As globalization has made the world a smaller place, a number of emerging countries like India run the risk of not asking Whether-or-Not questions. As India starts accelerating forward in its own ‘democratic experience’, we have to be careful of not heading down the How-Fast-And-When tunnel. At the start of its own journey, North America borrowed its intellectual heritage from Europe, but moulded it to the reality of North America, and we face a similar challenge at this juncture.

What we must adopt from the West is the spirit of scientific inquiry. But the age of networks, electrons, biotechnology, agri-business and relevance of intangible assets must warn us against creating mechanical institutions. As this is the beginning of our own development journey, we can use and connect with the Indian mind which has always respected knowledge and respects service.

Recent environmental awareness in the developed world is asking fundamental questions of the industrial civilizations of Europe and North America. Commentators have declared that the ‘demand for carbon-free power is about to become the most disruptive force since the Internet’, and a new world-view is being called upon to stem the damage that may already have been caused by the industrial sprint of the past 200 years. In this context, China is already well down the how-fast-and-when tunnel by building large factories, industrial plants and carbon intensive industries. India, till recently seemingly a laggard in industrialization, still has an opportunity to ask whether-or-not questions, and perhaps put a healing balm on the Industrial damage already underway.

An even more important lesson from the ‘democratic experience’ is the dynamics of democracy. The real fruits of democracy come when citizens ‘work’ their democracy, when they engage to build institutions. More than the Roosevelts and the Kennedys, it was the cattle rancher and the railroad pioneer who built USA. Modern India and its race forward will be shaped not only in  state capitals but also by the bottom up entrepreneurial innovations taking place across the nation. India’s progress will take place not only in the halls of  Parliament, but by the various mini institutions that we visited during our travels.
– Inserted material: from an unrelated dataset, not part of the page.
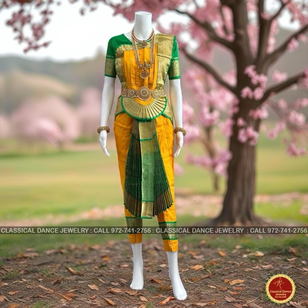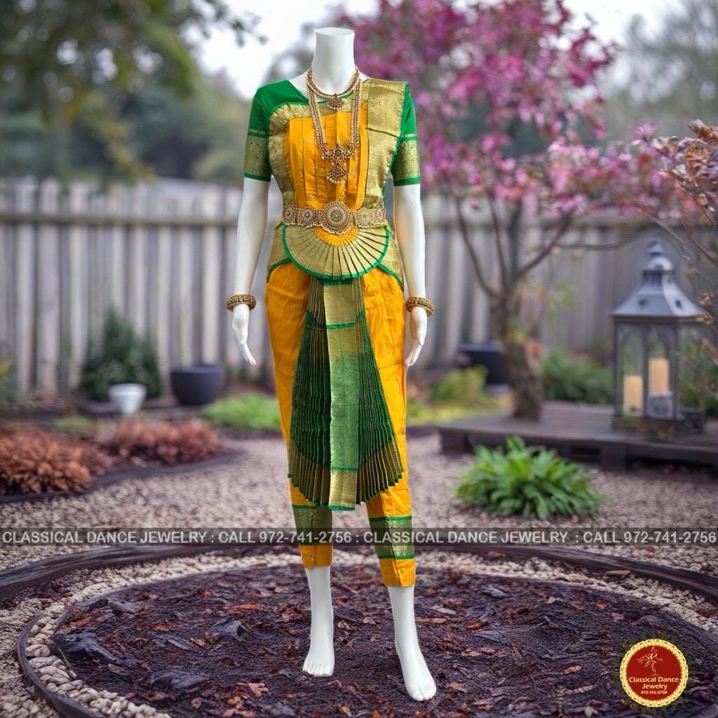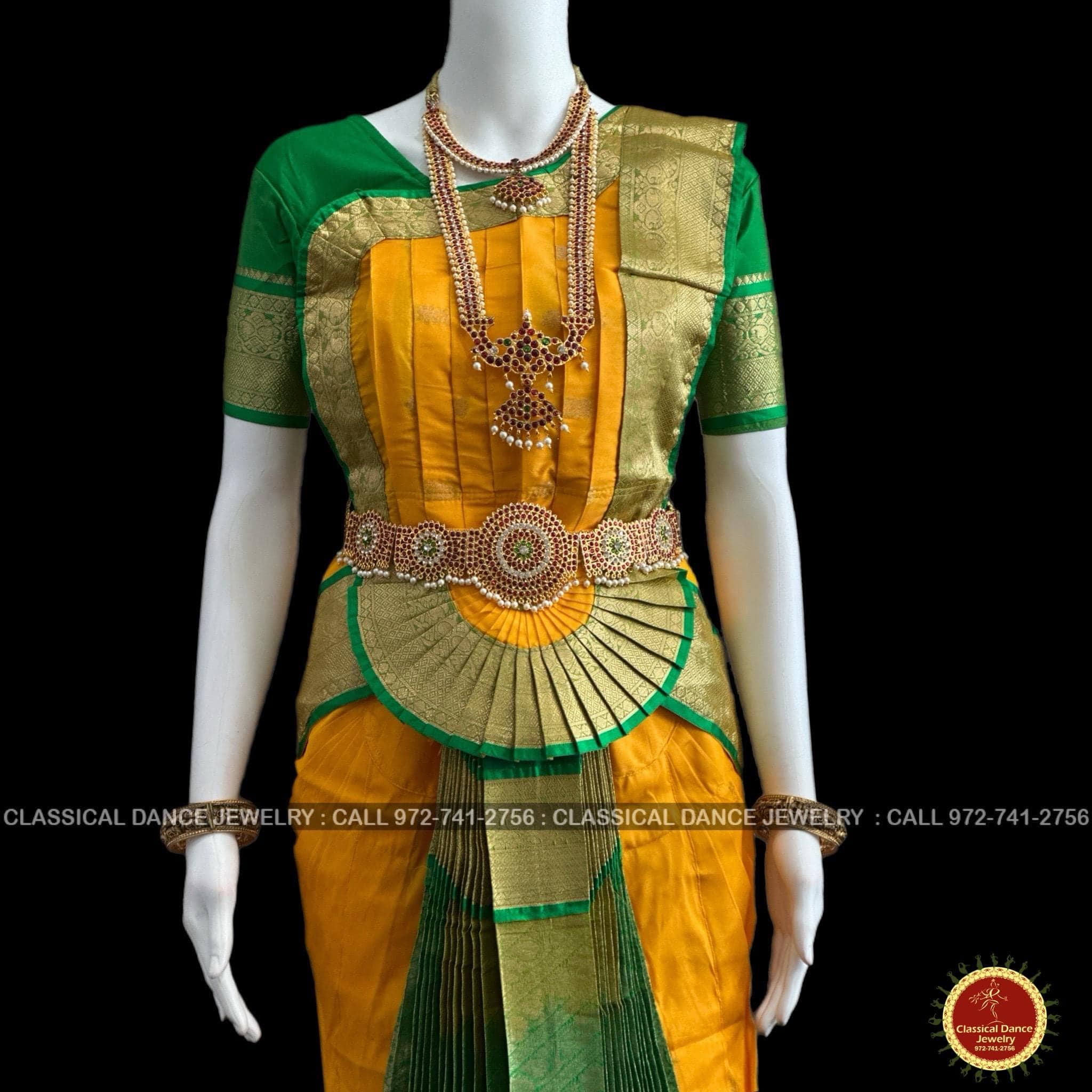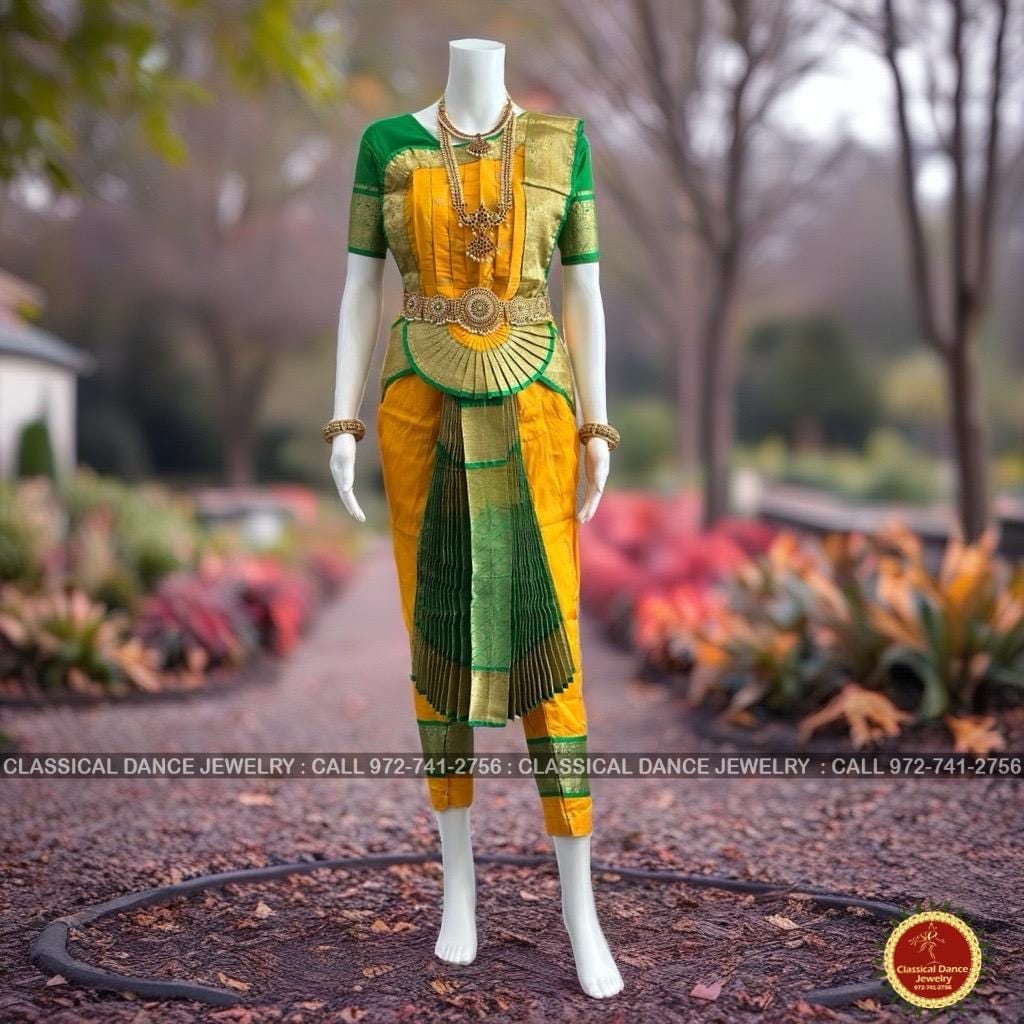 MANGO YELLOW GREEN 38 Inch Pant Length Bharatanatyam Dance Costume | Gold Zari | Art Silk Dharmavaram Kanchi | Classical Dance Jewelry

India will be shaped by the creation of a Tilonia, by the courage of a Kiran Bedi, by the experiences of the submarine commander in Vizag and by the innovative factory manager at  Bajaj Auto.

As countries like India start to take off, they will take off on the wings of passion of its young citizens. A country starts to prosper when the people – alongside the government – start building. While we have a number of seemingly insurmountable problems, we have a future that is powered by the momentum of a growing country. Gerd Behrens drew a contrast with the attitude in more developed economies, ‘The West resembles a marriage of convenience, while other growing civilizations are passionate affairs’.  

More so for those pouring to fill the glass of India.